Compute \(|g_3'(x_*)|\).

Note:

  • We don’t know \(g'(x_*)\) in advance because we don’t know \(x_*\) yet.

  • This method converges very fast

  • We actually just derived Newton’s method.

4. A fresh derivation of Newton’s method via convergence theory#

  • A rootfinding problem \(f(x) = 0\) can be converted to a fixed point problem

    \[x = x + f(x) =: g(x)\]
    but there is no guarantee that \(g'(x_*) = 1 + f'(x_*)\) will have magnitude less than 1.

  • Problem-specific algebraic manipulation can be used to make \(|g'(x_*)|\) small.

  • \(x = x + h(x) f(x)\) is also a valid formulation for any \(h(x)\) bounded away from \(0\).

  • Can we choose \(h(x)\) such that

    \[ g'(x) = 1 + h'(x) f(x) + h(x) f'(x) = 0\]
    when \(f(x) = 0\)?

In other words,

\[ x_{k+1} = x_k + \underbrace{\frac{-1}{f'(x_k)}}_{h(x_k)} f(x_k) . \]

Quadratic convergence!#

\[ \left\lvert \frac{e_{k+1}}{e_k} \right\rvert \to \lvert g'(x_*) \rvert \]
  • What does it mean that \(g'(x_*) = 0\)?
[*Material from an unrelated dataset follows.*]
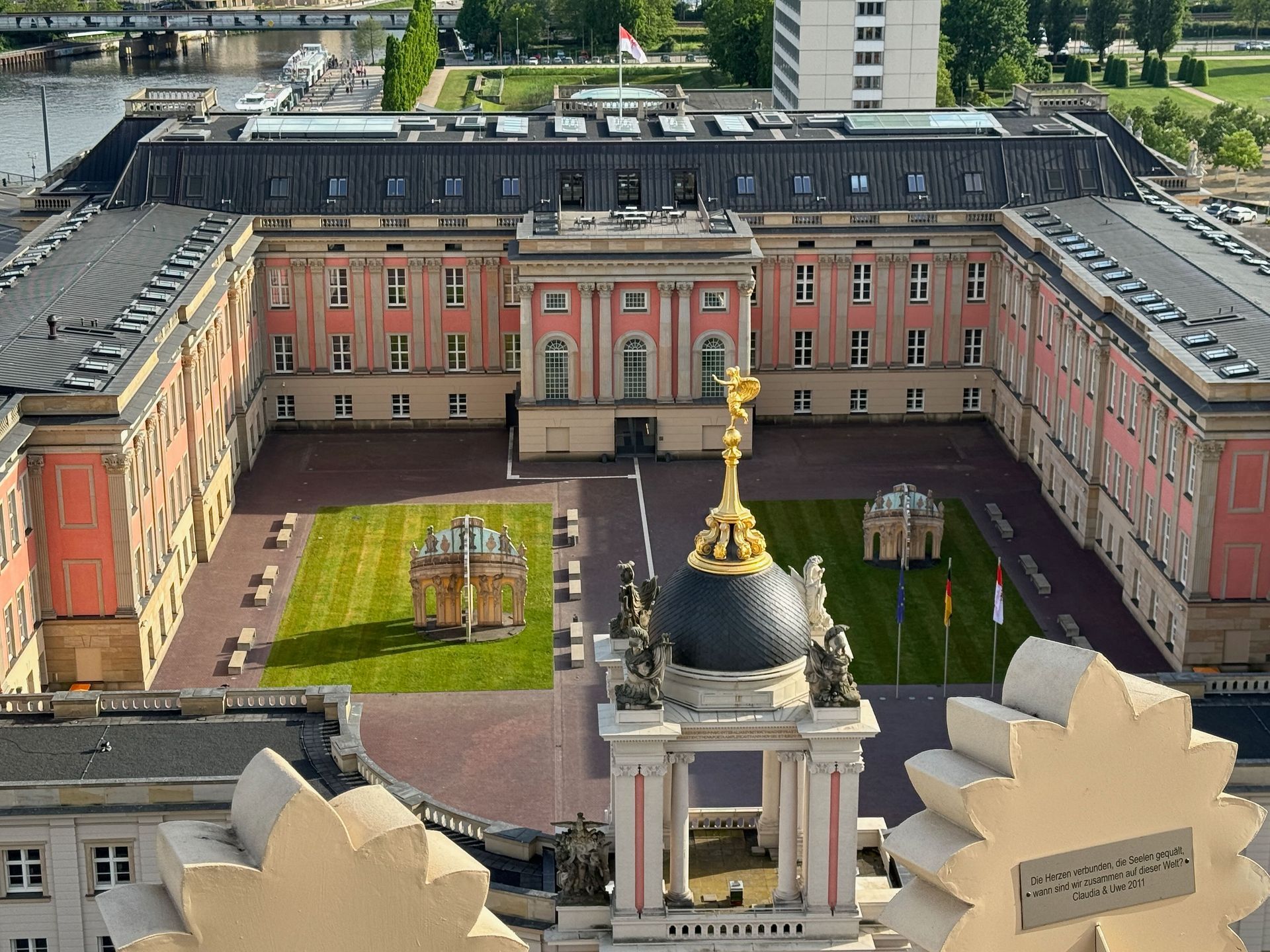Als allerletzte Besucherin des heutigen Tages darf ich noch die mehr als 200 Stufen erklimmen, die zum Kolonnadengang führen, währenddessen mein Mann unten auf dem Platz geduldig auf mich wartet. Von hier oben habe ich einen wunderbaren Blick über das so schöne Potsdam.

  • It turns out that Newton’s method has locally quadratic convergence to simple roots,

    \[\lim_{k \to \infty} \frac{|e_{k+1}|}{|e_k|^2} < \infty.\]

  • “The number of correct digits doubles each iteration.”

  • Now that we know how to make a good guess accurate, the effort lies in getting a good starting guess.

Rootfinding summary and outlook#

  • Newton methods are immensely successful

    • Convergence theory is local; we need good initial guesses

    • Computing the derivative \(f'(x)\) is intrusive (and can be error-prone)

      • Avoided by secant methods (approximate the derivative)

      • Algorithmic or numerical differentiation can also be used instead of computing the derivative by hand

    • Bisection is robust when conditions are met

    • When does Newton diverge?

  • More topics

    • Do we find all the roots?

    • Times when Newton converges slowly

Exercise 12.2:#

  1. Solve the fixed point iteration \(g(x_n) = (2+{(x_n - 2)}^2)\), up to a tolerance \(10^{-6}\) or maximum number of iterations \(N=50\), with (a) \(x_0 = 2.8\), (b) \(x_0 = 3.1\). Which execution is better? And why?

  2. Solve the fixed point iteration \(g(x_n) = (2+{(x_n - 2)}^3)\), up to a tolerance \(10^{-6}\) or maximum number of iterations \(N=50\), with (a) \(x_0 = 2.8\), (b) \(x_0 = 3.1\). Which execution is better? And why?